The lovely http://www.harpingbyapixie.wordpress.com has enrolled me in this challenge and I will happily oblige. So with no further ado, I plunge headfirst into the depths.
This sums up my philosophy of life. I have tried to be a good leader, I try to be a good ‘boss’ in my home but I truly feel I am not cut out for it. This is what I always repeat to anyone that wishes to listen. I don’t want to be a guide. I guess I don’t think I’m qualified enough to tell people what to do with their lives. But I do appreciate those friends that stick around through thick and thin. They are my tribe.

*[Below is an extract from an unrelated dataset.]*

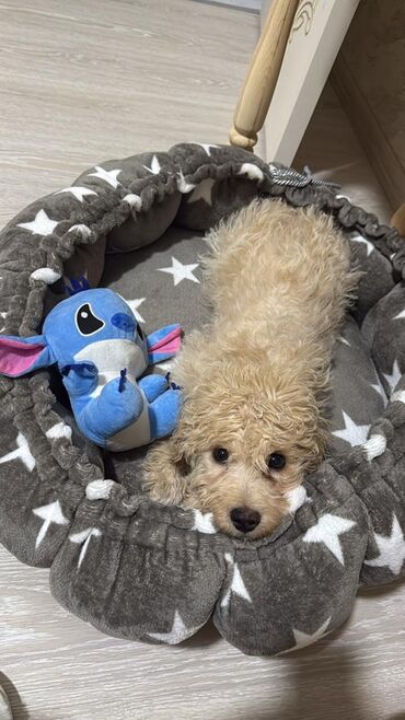 Mini pudel balası - Cins: Poodle (toy/mini tip) - Rəng: Açıq krem/bej - Xüsusiyyətlər: yumşaq, qıvırcıq hipoallergen tüklü, az tökülən; iri qara gözlər və qara burun; balaca ölçü, mənzil üçün ...

I have often said that if you eliminate ignorance, you strike at the root of evil, hate and fear. They all stem from ignorance. Think what a wonderful world it would be if people were freer to think and live without fear and hate. Imagine if evil were eradicated because there was no one interested in harming anyone else.
I find Emma Goldman particularly inspiring, as you can probably guess from my choice of quotes. Revolutionary, visionary, feminist and free thinking, she never failed to question everything she saw. In this quote I see myself reflected. If I have to be absolutely serious, totally focused and entirely dedicated to a cause, I need to be able to dance to the beat of my own drum now and again to remind myself who I am.
I’d like to nominate http://www.seackerman.com and http://www.the15thday.com
I love all three quotes but my heart is torn between Albert Camus and Emma Goodman. Sometimes, life could be pretty challenging when people more often than not expect you to be the “boss”. It is, unfortunately, my lot in life where family is concerned…never a choice, just one of those things that landed in your lap without being asked. Lol! And education is one I put so much faith into – however, it is not about merely being schooled which many often confused with…what I always wanted is true education – the one infused with character building. Thank you for indulging my request. I will reblog your articles the week after next (will be on a trip, that is why…and still have not learned the art of using WP in my phone).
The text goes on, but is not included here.